All of that is in idealized theory among people who are quite smart and can do lots of calculation in their heads. Lots of people also LARP it and use Bayesian-sounding words without actually having the deeper intuitive understanding of what what they’re saying means.
Okay.
FWIW, CF says that two people should be able to use discussion to resolve most disagreements. Some disagreements do require experiments, but only when we have multiple contradictory theories that otherwise agree. (e.g., UG and GR mostly agree so it’s reasonable that two scientists might disagree on which is correct but they should be able to agree on a decisive experiment.) When such discussions fail there are ways to deal with that, too (so you can go address the reason for failure then resume the original discussion).
Doesn’t that require some assumptions about their hypothesis spaces? You assume that B’s priors are more wrong, but we don’t know that from just saying that
[1]
. We need to know about all their other priors, too.
I agree the update can be predictable to one another if they specify and communicate the necessary constants / weightings / etc. re specification and communication: For something that seems important to bayesians I’m surprised that I don’t see more of that.

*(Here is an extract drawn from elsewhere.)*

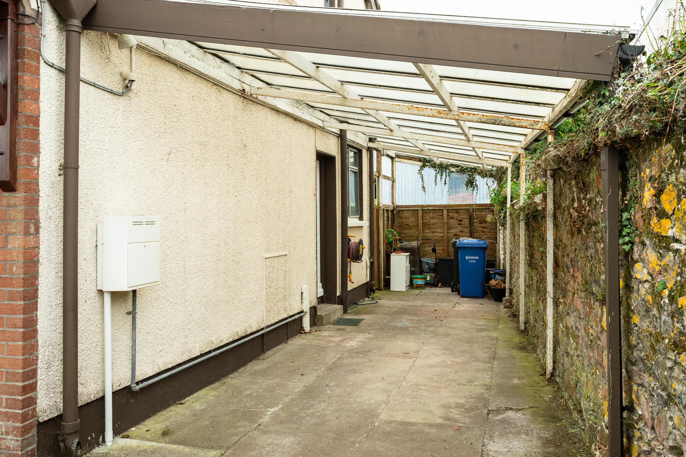Front Garden – Natural Stone & Block Boundaries, Tarmac drive, Kerbed lawn with Hedging, Large car port to Side with access to rear garden.

I’m not convinced of this but I agree it seems that intuitively, most of the time at least, they should.
This surprised me to read and I have some immediate questions.

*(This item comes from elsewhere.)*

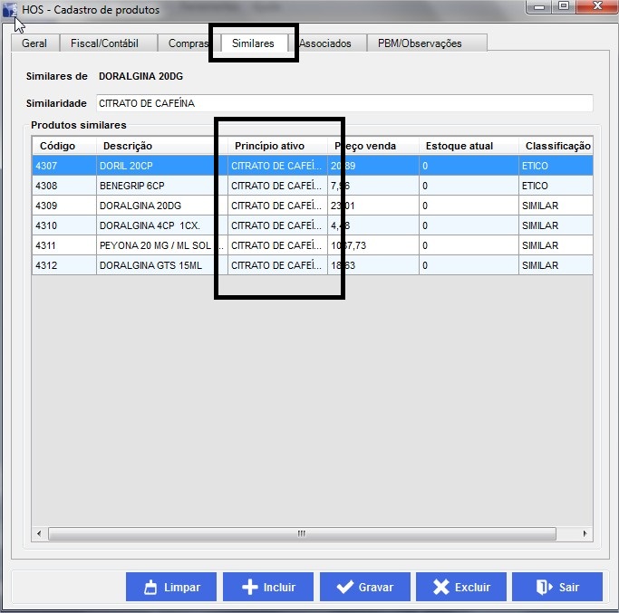 Caminho: HOSFarma -> Cadastro -> Produtos -> Similaridade

When is Bayesian reasoning inconvenient?
Do you think there’s other valid ways to reason?
If so, why do we need bayesianism? Is Bayesianism incomplete?
Or if not, how would an ideal Bayesian reasoner ever be fooled into using bad/broken/misleading methods of reasoning?
Are there other more energy efficient ways of reasoning to get to the same answers reliably? Why use bayesianism at all in that case?
Is cheating ever consistent with bayesianism?
Sure, but so is “do whatever Max says”. Consensus on its own has nothing to do with truth. Now, I guess you mean something a little more specific but I don’t want to put words in your mouth.
Here’s an example of how Bayesianism fails to produce consensus (or it seems like that to me):
Two aliens (A1, A2) who do not know about relativity are communicating. A1 observes an event E1 happens before E2, but A2 observes E2 before E1. They will each update in different directions.
Is there a Bayesian way to resolve this?
How does Bayesianism deal with confidence? Do all priors have errors attached? If so, how are errors handled in the maths?
Also, if the error bars are large enough, is convergence still guaranteed? Or what if our errors are off due to things like overconfidence?
I’m not sure how this would help Bayesians, what does a successful discussion of this kind look like?
The reason I’m not sure is unanswered questions like what are they observing to cause updates? and which priors are being updated?
Sorry for the delayed replay. My comments are being held for review.
even if we assume GR is absolutely 100% correct, and IRL we know that GR isn’t 100% correct.